### [ACTIVITY]
Go through the records below from the first line and print each one exactly, stopping after the line that contains "7月1日,东莞市工业和信息化". Do not print pictures or anything past that line.

### [RECORDS SHOWN]
##########

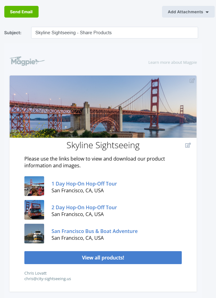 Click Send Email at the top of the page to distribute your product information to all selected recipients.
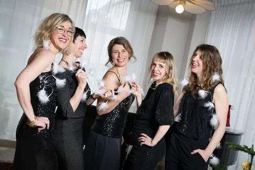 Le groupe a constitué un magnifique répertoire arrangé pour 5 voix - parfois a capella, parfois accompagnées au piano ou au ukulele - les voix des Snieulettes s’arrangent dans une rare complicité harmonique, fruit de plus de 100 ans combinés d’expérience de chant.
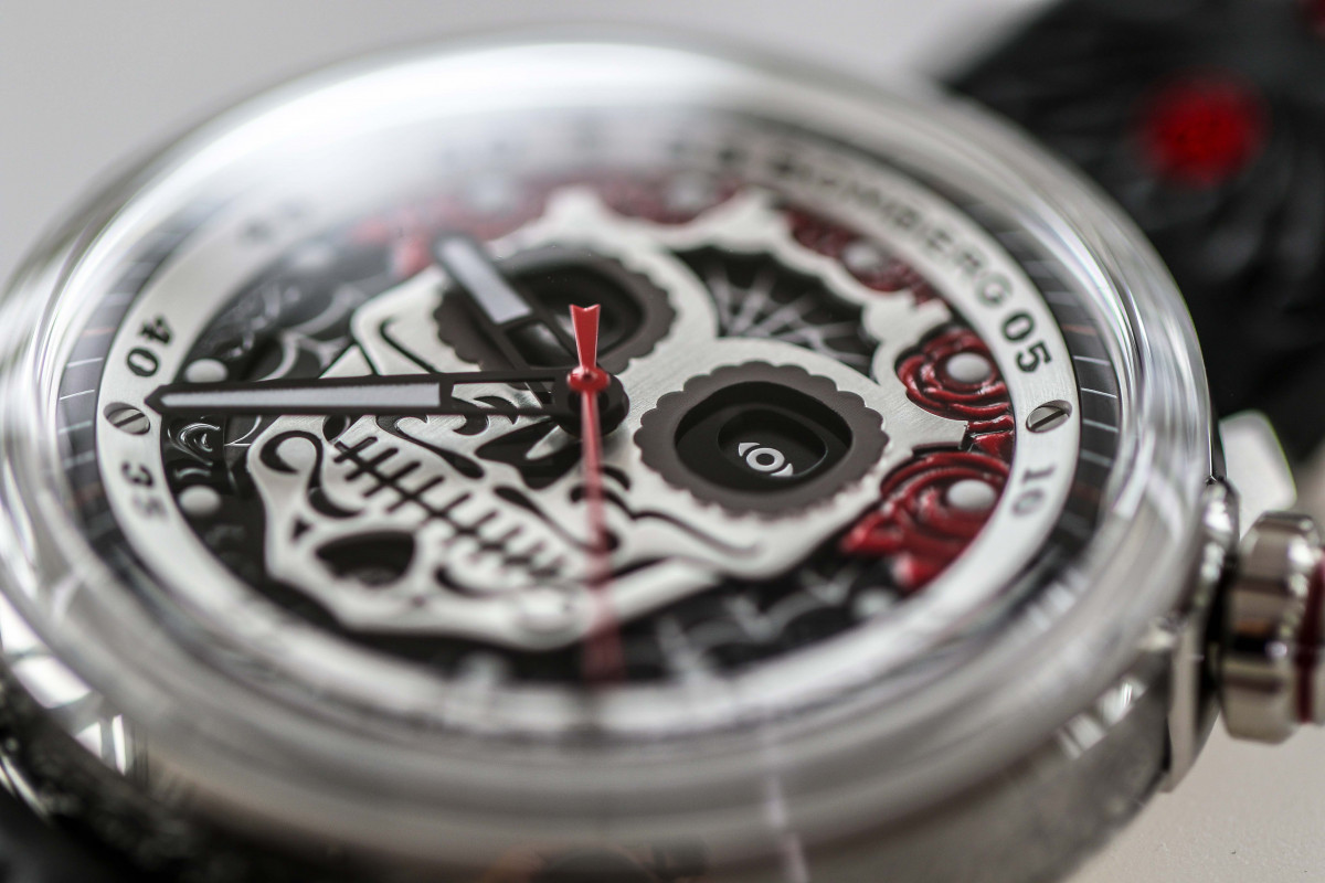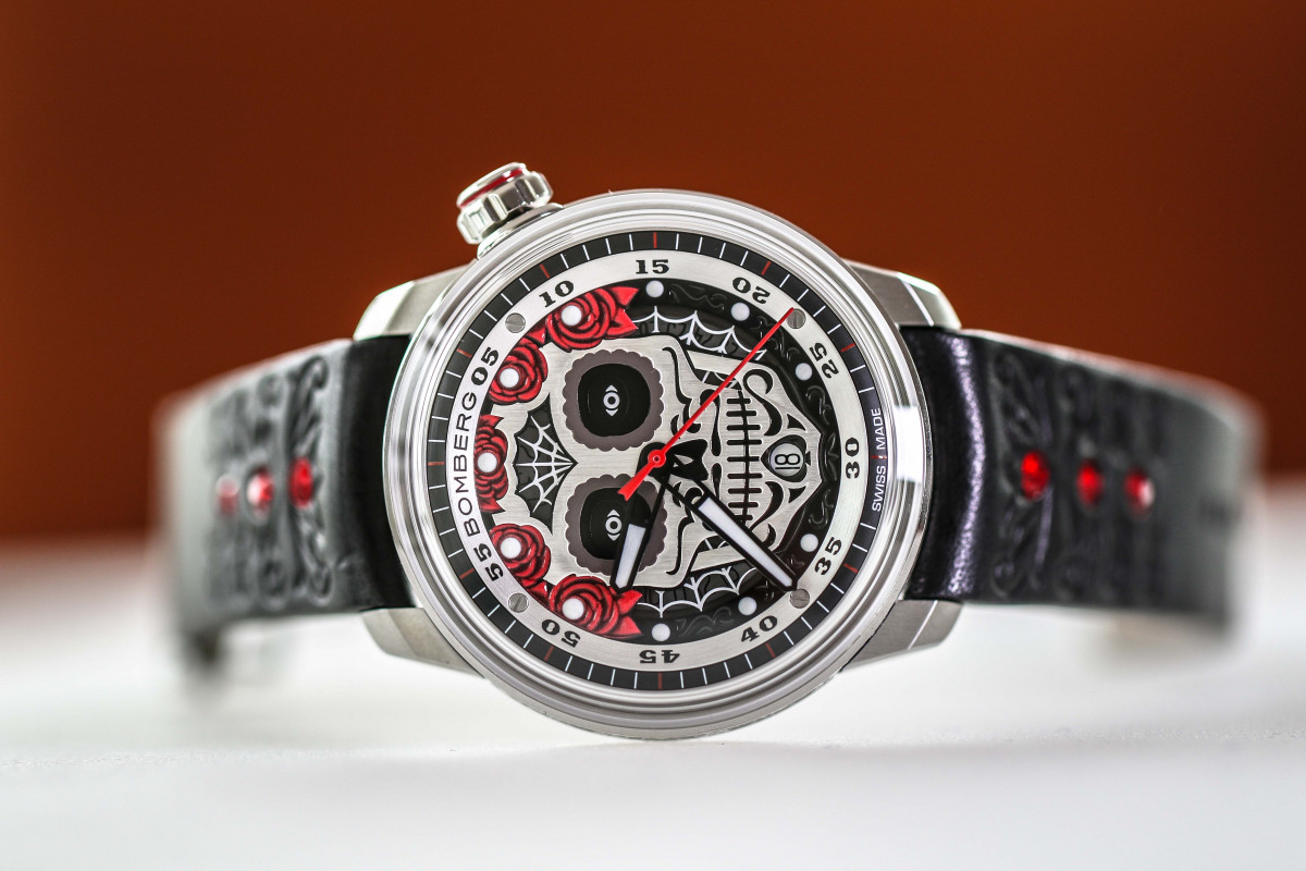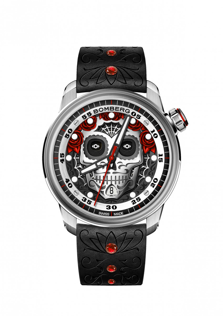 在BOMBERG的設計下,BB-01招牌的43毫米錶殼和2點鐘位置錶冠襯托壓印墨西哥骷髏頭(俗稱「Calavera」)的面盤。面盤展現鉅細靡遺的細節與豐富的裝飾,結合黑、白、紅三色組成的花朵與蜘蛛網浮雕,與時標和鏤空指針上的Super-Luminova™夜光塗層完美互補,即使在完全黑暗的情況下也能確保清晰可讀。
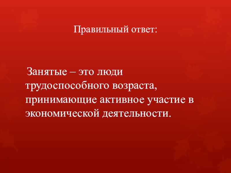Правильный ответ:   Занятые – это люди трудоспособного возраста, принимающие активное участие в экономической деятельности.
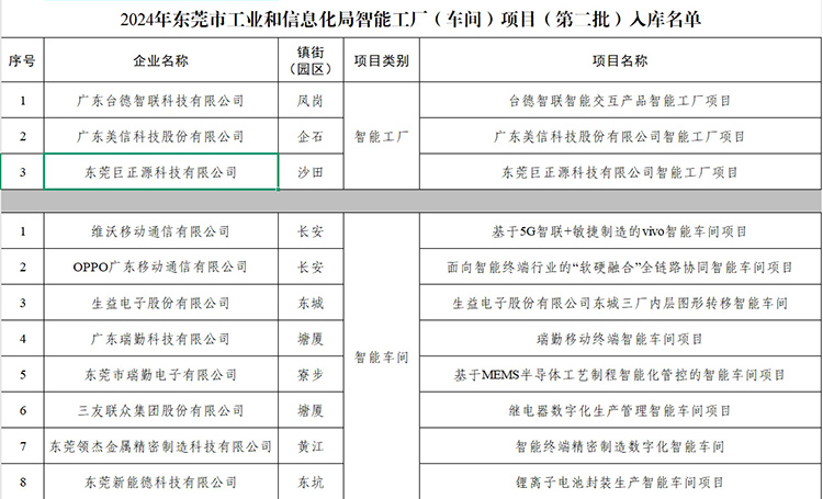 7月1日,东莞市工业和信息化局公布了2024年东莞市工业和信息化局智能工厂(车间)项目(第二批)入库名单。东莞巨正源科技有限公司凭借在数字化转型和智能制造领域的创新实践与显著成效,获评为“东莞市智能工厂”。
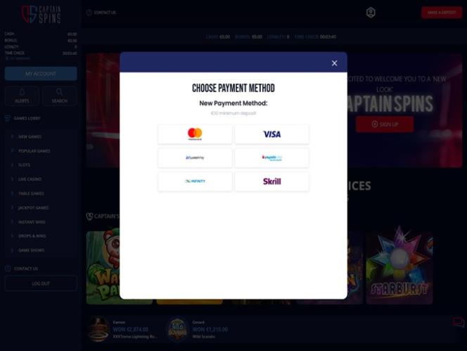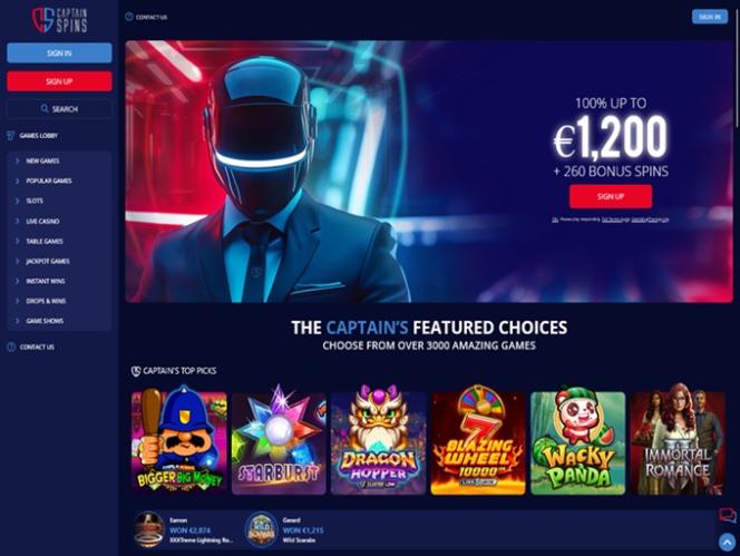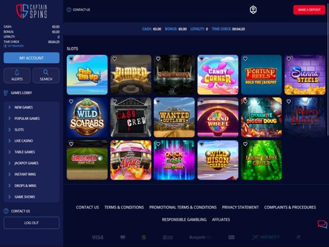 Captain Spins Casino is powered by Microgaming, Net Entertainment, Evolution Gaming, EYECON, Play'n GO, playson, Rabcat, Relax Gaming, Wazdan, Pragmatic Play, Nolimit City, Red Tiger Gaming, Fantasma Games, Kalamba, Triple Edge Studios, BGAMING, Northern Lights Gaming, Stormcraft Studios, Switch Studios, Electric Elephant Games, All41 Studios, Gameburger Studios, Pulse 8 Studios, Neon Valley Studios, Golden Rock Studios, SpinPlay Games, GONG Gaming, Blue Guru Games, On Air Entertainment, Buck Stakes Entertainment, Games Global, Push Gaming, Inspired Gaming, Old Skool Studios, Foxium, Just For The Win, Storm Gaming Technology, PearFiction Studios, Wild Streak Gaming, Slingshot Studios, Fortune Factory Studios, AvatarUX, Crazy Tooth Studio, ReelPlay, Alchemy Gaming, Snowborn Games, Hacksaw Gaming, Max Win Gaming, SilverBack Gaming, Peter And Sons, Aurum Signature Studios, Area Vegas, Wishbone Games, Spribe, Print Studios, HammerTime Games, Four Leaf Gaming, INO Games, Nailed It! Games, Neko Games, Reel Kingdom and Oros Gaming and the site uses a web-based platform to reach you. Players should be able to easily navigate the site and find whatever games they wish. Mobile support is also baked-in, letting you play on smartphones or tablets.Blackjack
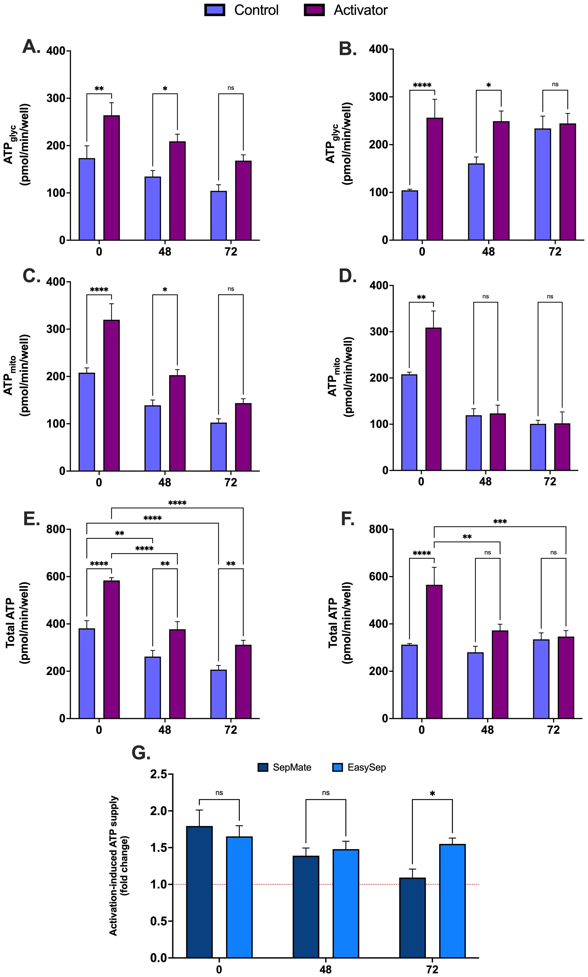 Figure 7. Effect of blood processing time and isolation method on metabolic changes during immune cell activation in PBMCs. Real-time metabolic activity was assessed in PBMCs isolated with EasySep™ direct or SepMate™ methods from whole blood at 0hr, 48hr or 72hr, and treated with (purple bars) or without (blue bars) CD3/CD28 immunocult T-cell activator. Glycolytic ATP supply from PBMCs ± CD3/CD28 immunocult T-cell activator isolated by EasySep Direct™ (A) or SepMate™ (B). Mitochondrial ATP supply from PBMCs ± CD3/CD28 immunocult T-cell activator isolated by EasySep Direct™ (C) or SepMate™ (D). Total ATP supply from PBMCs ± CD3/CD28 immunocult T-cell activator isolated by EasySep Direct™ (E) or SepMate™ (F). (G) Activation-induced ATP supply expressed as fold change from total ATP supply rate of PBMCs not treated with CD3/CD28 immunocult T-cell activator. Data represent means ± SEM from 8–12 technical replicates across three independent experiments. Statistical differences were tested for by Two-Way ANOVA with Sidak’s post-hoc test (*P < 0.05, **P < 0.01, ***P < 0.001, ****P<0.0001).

##########

### [SOLUTION FOR THIS PROBLEM]
 Click Send Email at the top of the page to distribute your product information to all selected recipients.
 Le groupe a constitué un magnifique répertoire arrangé pour 5 voix - parfois a capella, parfois accompagnées au piano ou au ukulele - les voix des Snieulettes s’arrangent dans une rare complicité harmonique, fruit de plus de 100 ans combinés d’expérience de chant.
 在BOMBERG的設計下,BB-01招牌的43毫米錶殼和2點鐘位置錶冠襯托壓印墨西哥骷髏頭(俗稱「Calavera」)的面盤。面盤展現鉅細靡遺的細節與豐富的裝飾,結合黑、白、紅三色組成的花朵與蜘蛛網浮雕,與時標和鏤空指針上的Super-Luminova™夜光塗層完美互補,即使在完全黑暗的情況下也能確保清晰可讀。
Правильный ответ:   Занятые – это люди трудоспособного возраста, принимающие активное участие в экономической деятельности.
 7月1日,东莞市工业和信息化局公布了2024年东莞市工业和信息化局智能工厂(车间)项目(第二批)入库名单。东莞巨正源科技有限公司凭借在数字化转型和智能制造领域的创新实践与显著成效,获评为“东莞市智能工厂”。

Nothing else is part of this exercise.